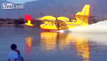 Canadair loading Water for fighting Fire, Petalidi, Greece
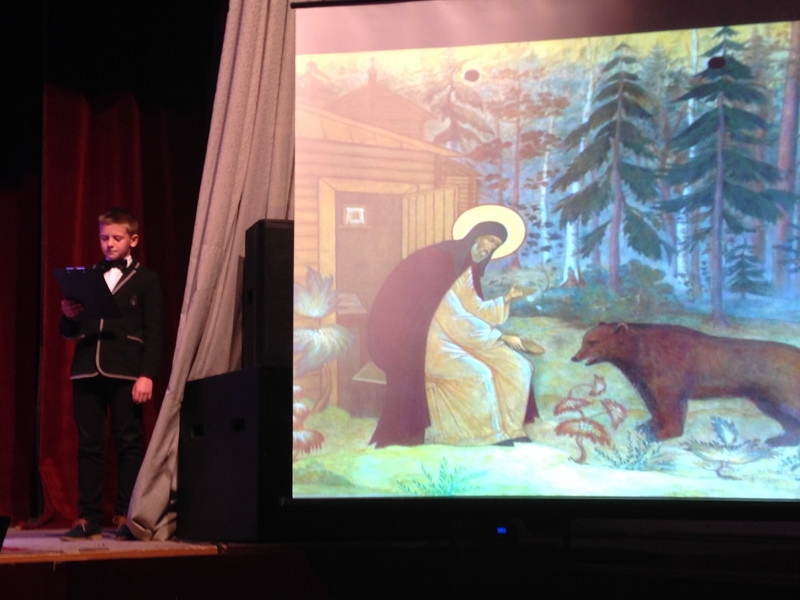 Юные артисты выступили перед зрителями с разножанровыми номерами: рассказывали о житии святого Сергия, читали стихи, детский хор «Лучик» исполнил песнопения и канты.
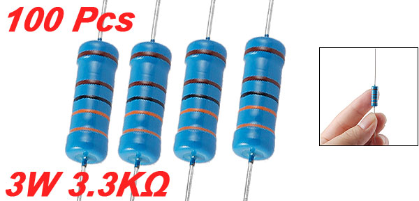 Product Name Metal Film Resistor Rated Power 3W Tolerance ± 1% Resistance Value 3.3KΩ T.C.R(Temperature Coefficient) ±50ppm/°C Body Size 5 x 16mm/0.2" x 0.61" (D*L) Leads Dia (Approx.) 0.5mm/0.019" Total Length (Approx.) 79mm/3.1" Color As Picture Shown Net Weight 144g Package Content 100 Pcs (± 2%) x Metal Film Resistors - Reviews

□ □ □

TASK REQUIREMENTS
From the listing, extract all text exactly as given and drop any picture.

WRITTEN ANSWER
 Canadair loading Water for fighting Fire, Petalidi, Greece
 Юные артисты выступили перед зрителями с разножанровыми номерами: рассказывали о житии святого Сергия, читали стихи, детский хор «Лучик» исполнил песнопения и канты.
 Product Name Metal Film Resistor Rated Power 3W Tolerance ± 1% Resistance Value 3.3KΩ T.C.R(Temperature Coefficient) ±50ppm/°C Body Size 5 x 16mm/0.2" x 0.61" (D*L) Leads Dia (Approx.) 0.5mm/0.019" Total Length (Approx.) 79mm/3.1" Color As Picture Shown Net Weight 144g Package Content 100 Pcs (± 2%) x Metal Film Resistors - Reviews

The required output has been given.